Князь растоптал окурок, сказал:

– То-то и оно… здесь, брат, идет война на уничтожение всего славянского. Помнишь классические строчки: "Здесь русский дух, здесь Русью пахнет"?.. Вот этот русский, или, если угодно, сербский дух хотят уничтожить. Поэтому мы здесь. Заметил, что у нас есть поляк? Есть и болгарин – Петр… он в госпитале сейчас – снайпер зацепил… Здесь все не просто. Здесь, в Югославии, сошлись несколько народов. Несколько культур, несколько религий… А ведь жили же мирно. Бок о бок жили. Здесь же все перемешано, здесь масса смешанных браков. А ведь идут этнические чистки, создаются концлагеря – беда! Страна рушится, судьбы ломаются в пять минут. Ты же сам видишь: деревни стоят пустые… сожженные, разграбленные. Храмы православные – осквернены, сожжены, взорваны…

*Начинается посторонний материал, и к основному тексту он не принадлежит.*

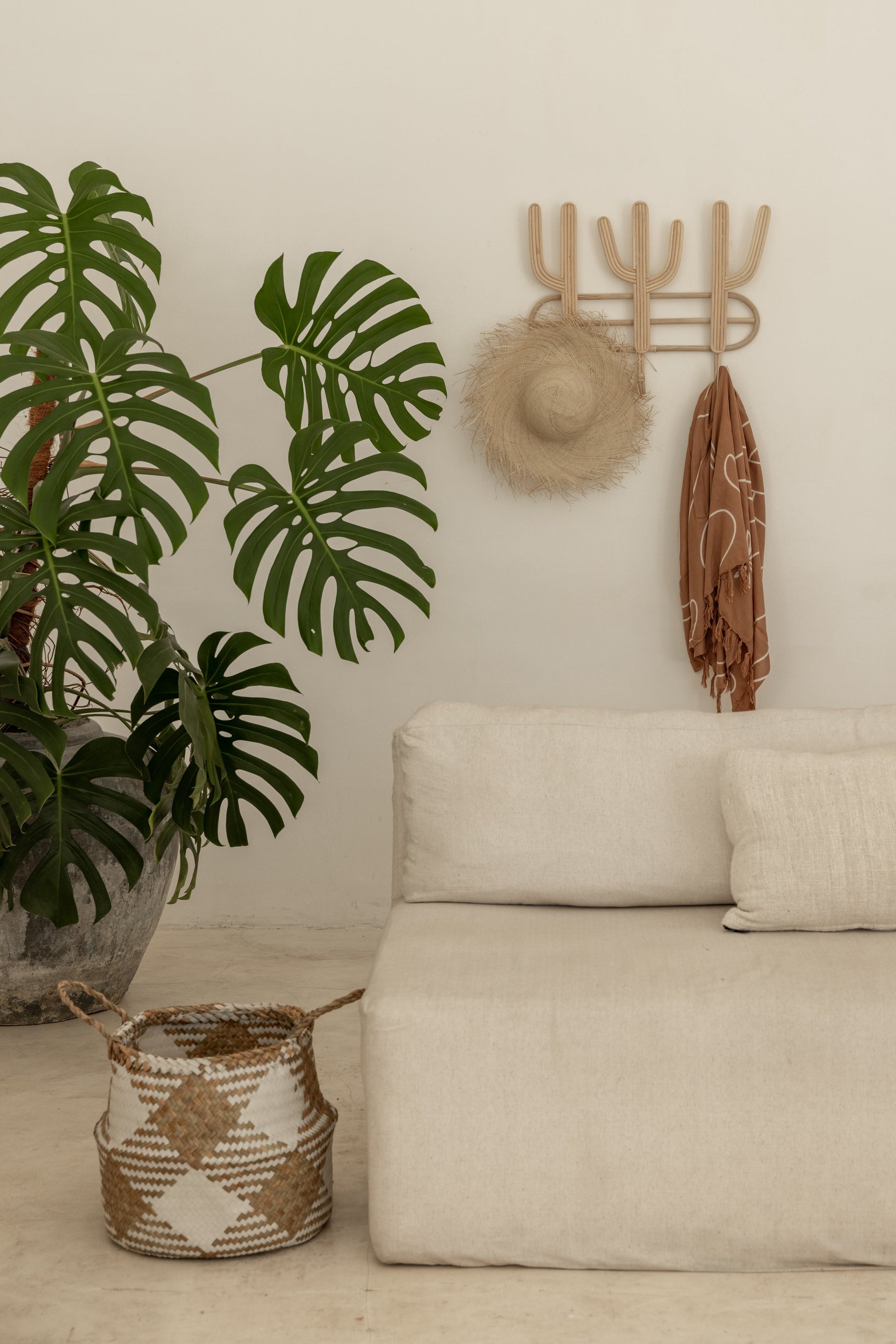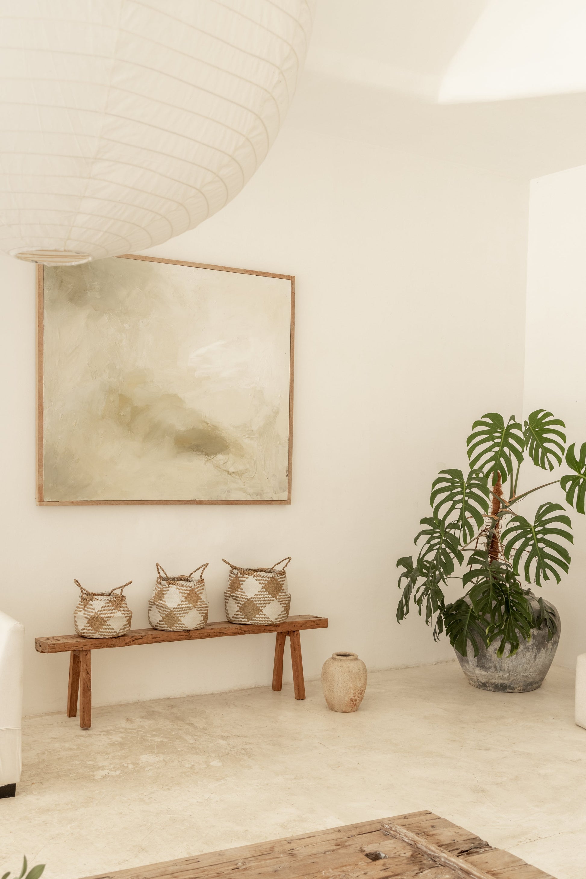 Handcrafted from seagrass in Bali, Indonesia this multipurpose plaid basket is your answer to elegantly decluttering your home. Perfect for storing towels, blankets, or toys. Also makes an elevated new home for your favorite potted house plant.

– Ты что, – спросил Гурон, – верующий?

– Верую. Не в религиозном, конечно, смысле.

– А в каком?

– Как тебе сказать?.. Попробую ответить словами поэта Коржавина. За точность не ручаюсь, но звучит примерно так:

…Вот такими словами начать бы хорошую повесть.

И с тоски отупенья – в широкую жизнь переход.

Да, мы в Бога не верим, но полностью веруем в совесть,

В ту, что раньше Христа родилась и не с нами умрет.

Князь помолчал несколько секунд, потом сказал:

– Кстати, ты, наверно, не знаешь, а в Косово, в Дечани, есть храм… старинный. Так вот, в этом храме есть фреска, изображающая Иисуса Христа с мечом в руке. Больше нигде в мире нет подобного изображения.

– Не понял… ты это к чему?

– Я тоже сначала не понял… повоевал здесь, посмотрел… вот тогда начал кое-что понимать. А полторы тысячи наемников – это, брат, пропаганда. Ее гонят средства массовой информации тех держав, которые и спровоцировали распад Югославии и последовавшие за ним войны… Они почему-то совершенно "не замечают" многих тысяч моджахедов. Они "не замечают" уничтожения православных храмов и многочисленных убийств сербов. "Не замечают", как в Боснии и Хорватии сербов выгоняют из поселков, где жили они веками… Они "не заметили", что президент Хорватии Туджман издал указ, разрешающий хорватам отбирать любое имущество у серба, если серб живет на хорватской земле… А вот нас – десяток славянских парней – заметили сразу. Тут же окрестили наемниками, обвинили во всех смертных грехах и завысили численность в сто пятьдесят раз. Понял?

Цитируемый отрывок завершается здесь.